Para la misma época, nos estamos remitiendo a finales del siglo XIX y comienzos del siglo
XX, el filósofo y también matemático alemán Edmund Hussler, fundador de la corriente
fenomenológica, plantea diferenciar entre lo “mentado” y lo “manera de mentar”.
Un ejemplo clásico es la distinción entre el lucero matutino y el lucero vespertino. Ambas
proposiciones se refieren al mismo objeto, el planeta Venus, pero tienen diferente
sentido. Una evoca el amanecer, la otra el anochecer.

Uno y otro también reconocen que diferentes lenguas difieren no sólo en el sonido y en
sus signos sino en la manera distinta de significar el mundo. Podrán designar el mismo
objeto, pero la manera en la que se refieran a él viene ya definido y dado por la
peculiaridad de cada una.

En este sentido vemos que Wittgenstein profundiza y complejiza esa idea al hablar de
diferentes juegos del lenguaje. Considera que cada grupo de hablantes discurre en
diferentes lenguas, aunque se exprese en el mismo idioma.

Sólo alcanzaríamos una lengua común y universal y un entendimiento completo en el caso,


utópico, por cierto, de que se pudieran reunir todos los posibles juegos del lenguaje en
uno sólo. Afortunadamente o fatalmente desde Babel al esperanto solamente se trata de
una quimérica aspiración.

Si bien esa ficción es imposible de concretar, pareciera que ese hipotético lenguaje único,
supuesto de verdad, se impone como el ideal de todo hablar con sentido. Se estaría
siempre camino a él aunque no se alcance.

La lengua adánica, tomada como metáfora de un lenguaje unívoco, fue una ambición,
aunque desmedida, impulsada por el deseo o la pretensión de alcanzar una inteligibilidad
absoluta sobre las cosas. Esa ambición movilizó las fuerzas intelectuales del renacimiento
europeo, alcanzando su apogeo en el Iluminismo.

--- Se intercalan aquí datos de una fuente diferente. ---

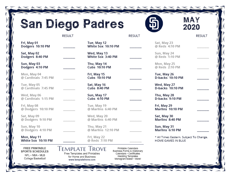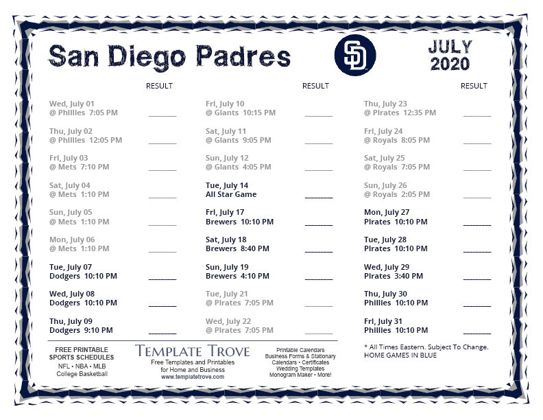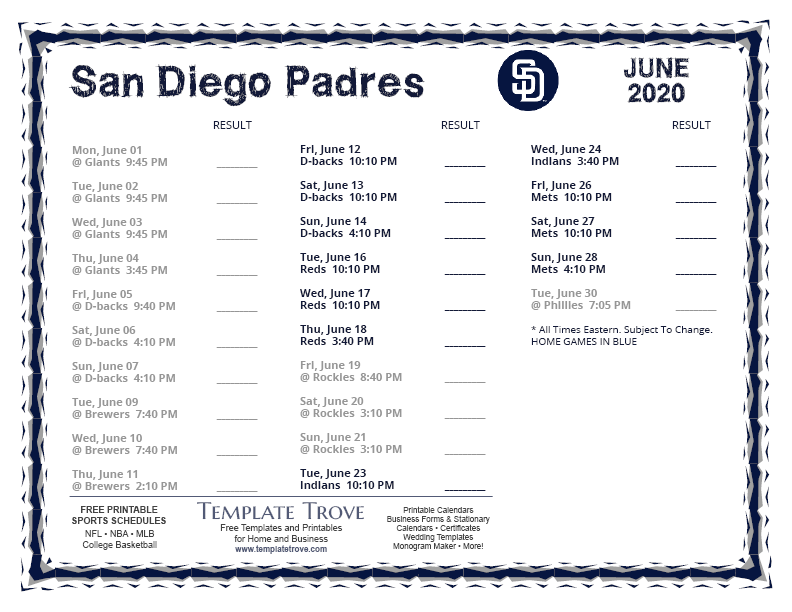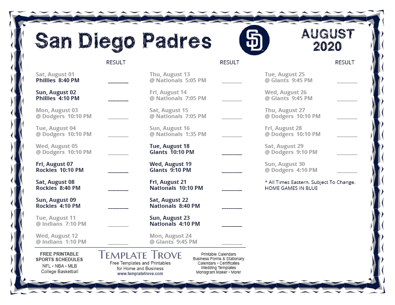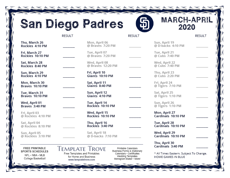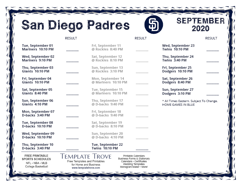 Keep up with the 2020 San Diego Padres with our handy printable schedules, now available for each US time zone.
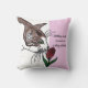 Kat ruikt diepe rode roos kussen
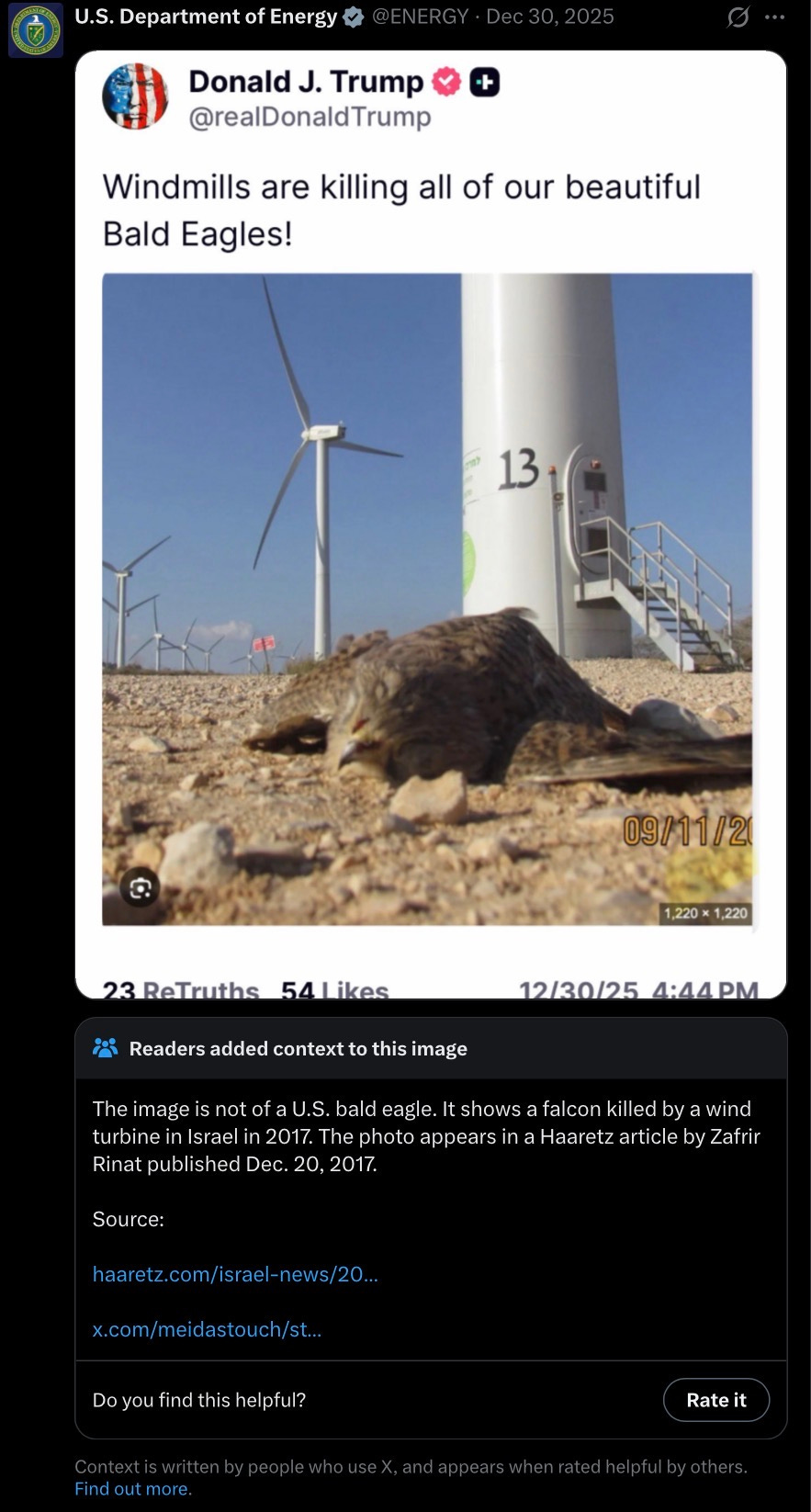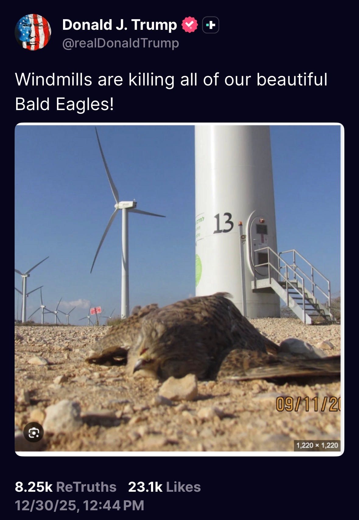 → Trump posts a dead falcon by a windmill

Wittgenstein planteó no solamente que eso es un imposible, cuestión ya por demás


reconocida en su época, sino que una sostenida búsqueda de respuestas a lo inasequible,
enferma. Sabemos que los caminos de la razón también pueden llevar al infierno. Se
propuso entonces una cura de la filosofía, a la que consideraba la principal afectada por el
malentendido de que el saber, lo mismo que el lenguaje, no conoce límites.

Así como Nietszche se propuso, con su Zaratustra, anunciar la muerte de Dios,


Wittgenstein proclamó la limitación del lenguaje. Un callar terapéutico frente a tanta
palabrería inconducente. “Lo que no se puede decir es mejor callar”, dejó planteado al
final de su Tractatus.

Se ha mal interpretado este aforismo en el sentido de mejor no hablar de ciertas cosas -


vana disquisición, dicho sea de paso, que pretendió reducir abusivamente el aporte
wittgensteiniano a un silencio sobre su homosexualidad.
Hay que considerar que esta formulación viene a reivindicar fundamentalmente los límites
del decir e intenta establecer también como fuente de conocimiento lo indecible.
Agregando algo que va a sugerir muchas interrogaciones y que genera intensos debates,
“aquello que no se pueda decir se puede mostrar”.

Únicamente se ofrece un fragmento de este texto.